On the other hand, a dilution series (50, 25, 12.5, 6.25, 3.13, 1.56, 0.78, 0.39 μM) of synthetic peptide solution was prepared with HBS-N buffer (10 mM Hepes, pH 7.4, 150 mM NaCl), and 10 μl / min. Inject at a flow rate. After injecting each solution, the bound peptide was stripped using 100 mM NaOH for 1 minute before the next injection. The dissociation constant was measured using BIAevaluation software (version 2.1). The results are as shown in FIG. 4 and Table 2.

As a result of examining the affinity between the synthetic peptide and vWF, it was found that the synthetic peptides PP1, PP2, and PP3 had a stronger affinity than the control peptide (PP1R). The affinity for vWF was weak in the order of PP3>PP2> PP1 (FIG. 4, Table 2).
This revealed that the peptide of the present invention strongly binds to vWF. These peptides were also found to inhibit vWF cleavage by ADAMTS13.
From the above, it was shown that the peptide of the present invention plays an important role in binding to vWF.
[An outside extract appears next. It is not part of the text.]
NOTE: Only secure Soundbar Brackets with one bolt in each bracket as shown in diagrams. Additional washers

In one Example of this invention, it is the figure showing the structure couple | bonded with the structure of ADAMTS13 (a disintegrin-like and metalloprotease with thrombospondin type 1 motifs 13), and vWF (von Willebrand factor; von Willebrand factor). In one Example of this invention, it is the figure which investigated the effect of ADAMTS13 protease activity inhibition of the synthetic peptide. In one Example of this invention, it is the figure which showed the inhibitory effect of the cutting | disconnection of vWF polymer by a synthetic peptide. The result of Western blotting is shown. In one Example of this invention, it is the figure which investigated the affinity of the synthetic peptide with respect to vWF. The dissociation constant between the synthetic peptide and vWF was measured using surface plasmon resonance.

Claims (8)

The peptide of the following (a), (b) or (c).
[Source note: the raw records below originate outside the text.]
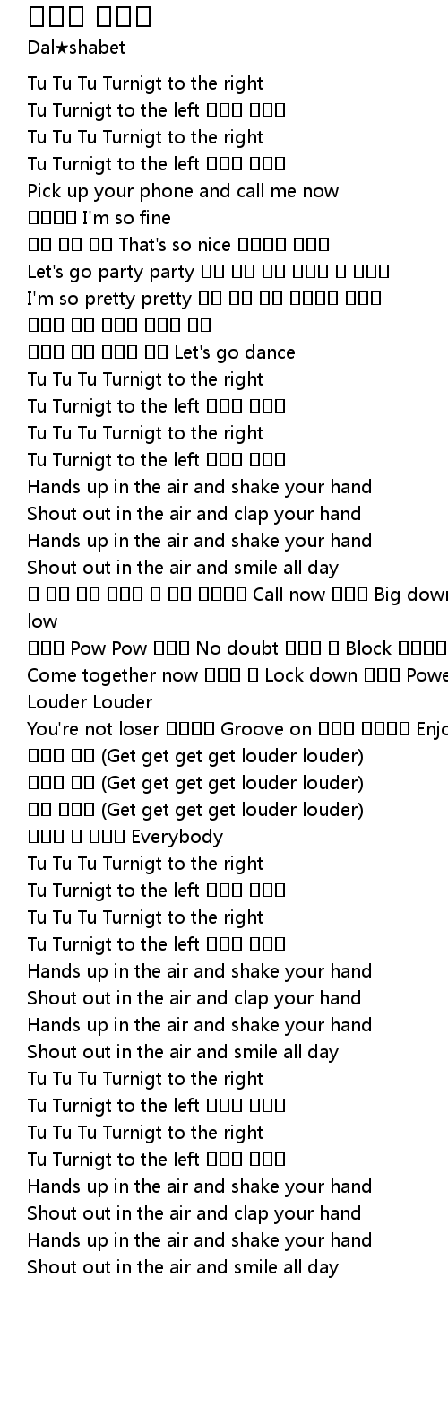 | 네 몸을 던져 걱정은 다 재껴 전화해줘 Call now 놀때는 Big down low | |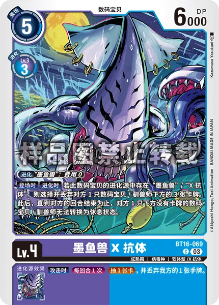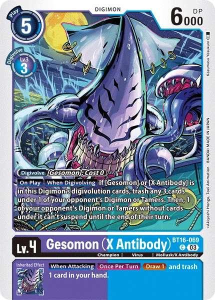 登場時進化時このデジモンの進化元に「ゲソモン」/「X抗体」があるなら、相手のデジモン/テイマー1体の下から選んで3枚破棄する。その後、相手のターン終了まで、下にカードが無い相手のデジモン/テイマー1体はレストできない。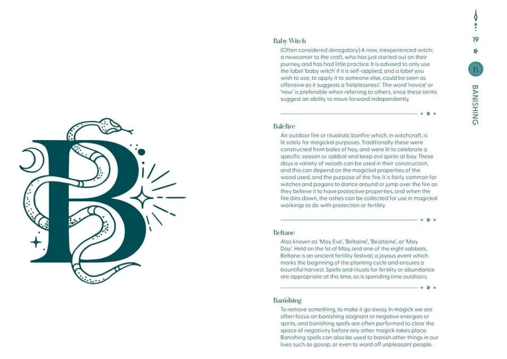 There is a wealth of jargon in the witchcraft community – from words related to sabbats, like Beltane and Samhain, to ingredients, rituals, and a myriad of tools. The Witch-ionary gathers all those terms in one easy to refer to place and gives newbie and beginner witches the guide they need to accompany them on their witchcraft journey.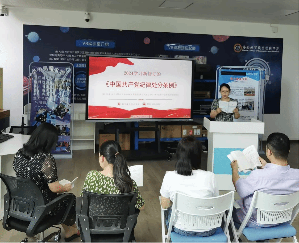 6月4日下午,WilliamHill中文官方网站教工党支部开展《中国共产党纪律处分条例》专题学习会,会议由教工党支部书记康东主持,数字媒体技术专业教师党员们参加。

(A) A peptide having the amino acid sequence of SEQ ID NO: 1.
(B) A peptide comprising an amino acid sequence in which one or several amino acids are deleted, substituted or added in the amino acid sequence of SEQ ID NO: 1 and having a binding activity to von Willebrand factor (vWF).
(C) a part of the amino acid sequence of human ADAMTS13 protein, which consists of an amino acid sequence in which 1 to 22 amino acids are added to the N-terminal side in the amino acid sequence of SEQ ID NO: 1; A peptide consisting of an amino acid sequence to which three amino acids are added and having a binding activity to von Willebrand factor. The peptide of the following (a), (b) or (c).
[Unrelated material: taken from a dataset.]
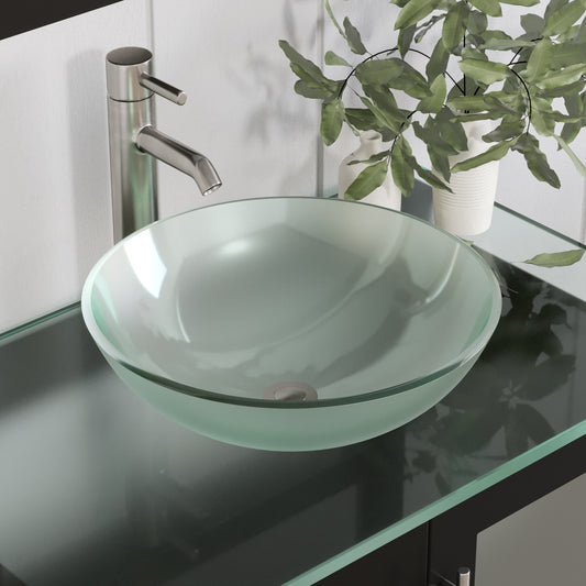 Complete 18" Wood and Glass Vanity Set with Brushed Nickel Plumbing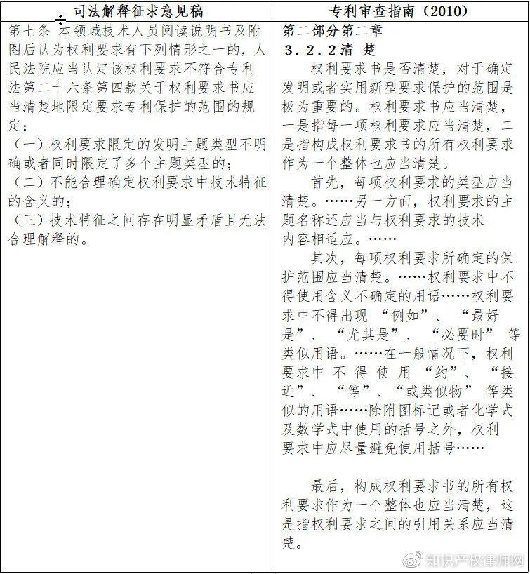 “司法解释征求意见稿”第七条是关于权利要求清楚的规定。“司法解释征求意见稿”将权利要求清楚的规定分散在第三条、第七条,显得体系凌乱。从表格中的对比可以看出,与《审查指南》的相关规定相比,“司法解释征求意见稿”第七条仅列举了权利要求书不清楚的三种情形,没有《审查指南》的规定完备。

(A) A peptide having the amino acid sequence of SEQ ID NO: 2.
(B) A peptide comprising an amino acid sequence in which one or several amino acids are deleted, substituted or added in the amino acid sequence of SEQ ID NO: 2, and having a binding activity to von Willebrand factor.
(C) A part of the amino acid sequence of human ADAMTS13 protein, consisting of an amino acid having 1 to 2 amino acids added to the N-terminal side in the amino acid sequence of SEQ ID NO: 2, or 1 to 12 C-terminal side A peptide having an amino acid sequence to which is added an amino acid and having binding activity to von Willebrand factor. The peptide of the following (a) or (b).
(A) A peptide having the amino acid sequence of SEQ ID NO: 3.
(B) A peptide comprising an amino acid sequence in which one or several amino acids are deleted, substituted or added in the amino acid sequence of SEQ ID NO: 3, and having a binding activity to von Willebrand factor.   A DNA encoding the peptide according to claim 1, 2 or 3.   An expression vector for expressing the peptide according to claim 1, 2 or 3.   6. A cell carrying the expression vector according to claim 5.   A von Willebrand factor cleaving enzyme activity inhibitor comprising the peptide according to claim 1, 2 or 3.   A primary hemostatic thrombus formation promoter comprising the peptide according to claim 1, 2 or 3.